Growing up in a small town with a GP father, all of his patients knew everything about our family. So the sharing of information issue was moot and didn’t interfere with a very satisfying practice.
[...] go to CommonHealth on WBUR, a National Public Radio station in Boston, to read her full essay, “Boundary Issues: A Doctor With M.S. Confides in Her Patient,” and then please join the discussion below. Do you agree with Dr. Brewster’s decision to [...]
I think you definitely did the right thing. I wouldn’t call it confiding, I’d call it just plain doing the right thing, professionally and personally.

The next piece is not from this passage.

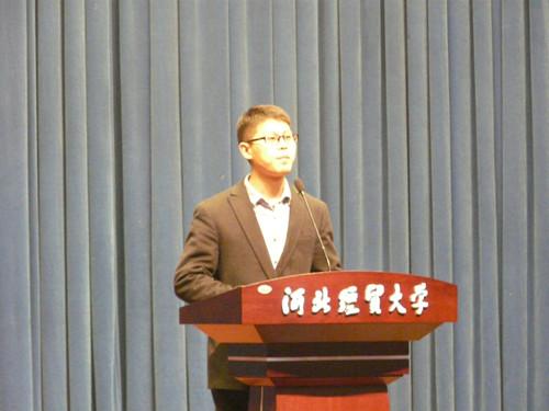 报告会上,巡讲团6名成员通过自己的亲身经历,分别向大家介绍了他们真实、典型的就业、创业历程。“宜家宜厨”生鲜连锁超市总经理张磊,卫校刚毕业后回家乡卖菜,顶着各种讥讽、克服各种艰辛,顽强地走自己的路、做自己的事业,取得了骄人的业绩,他平凡而又激人奋进的创业历程耐人寻味;石家庄东盛装饰公司创始人王绍华的故事,让我们认识了这位外表纤秀、内心坚韧的女子,是如何在人生道路上拼搏创业、回报社会的,她的良好品德给所有就业创业道路上的人树立了榜样;乐返网创始人彭少强,在大学期间便崭露锋芒,成为校园创业的典型代表,在互联网购物异常发达的今天,他善于踏浪、勇于搏击,使他的创业更加坚实、更富前景;“三支一扶”教师李源源,这样一位看似柔弱的女孩,扎根山区支教6年,在工作中迸发出强大的正能量,让大家更清晰地认识到“三支一扶”工作的深刻意义;“七色虹”墙体装饰设计工作室创始人刘振杰,带领“七色虹”团队,用初生牛犊不怕虎的闯劲和压不断、扯不烂的韧劲,矢志不渝、大胆实践,实现了将自己的专业与创业的完美结合;唐山市丰南区漠尚客骆驼养殖专业合作社理事长郑林林,这个唐山姑娘当年将大批骆驼带回平原喂养的做法,曾经被很多人看作天真,但相信科学的她创造条件,实现了看似不可能完成的事情,并带领乡亲们勤劳致富,成为“第一个吃螃蟹的人”。
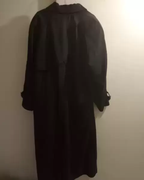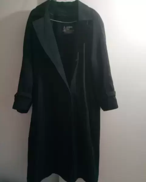 Gabardina color negro, talla mediana, 1.21cm de largo, marca london fog, usada en buen estado.

Someone who gets bad news from a doctor knows that the doctor does not want to give the news (sometimes so much so that they actually do not give the news- hard to believe, but I’ve seen this) and wants to reassure the patient that everything will be ok, even if it will not, if only to disengage from the uncomfortable role of being the bearer of bad news, and end the interaction as cleanly as possible, sometimes for the sake of their own sanity. Especially in cases where the etiology of the illness is not understood and there is no cure, clear prognosis or reliable treatment, hearing from a fellow sufferer is very comforting, as any other sufferer is as much an authority on the topic at hand as anybody else on the planet, more so because they speak from actual personal experience. The patient is in a place where science can’t really reach them, but they can be reached by a human being who offers spiritual comfort and lets them know in no uncertain terms that they are not alone. Your own suffering was not wasted because you used it to help another person, and I think that withholding this personal information under these circumstances would be unconscionable, really, and could have had grave consequences. It’s hard to know the state of mind of the person receiving the news; God forbid you should ever have to look back and say, ”If only I had said something about my personal experience, the person might have taken the news better and still be with us”. You did a very brave thing by telling her, and it is good to know that there are people like you out there. Thank you.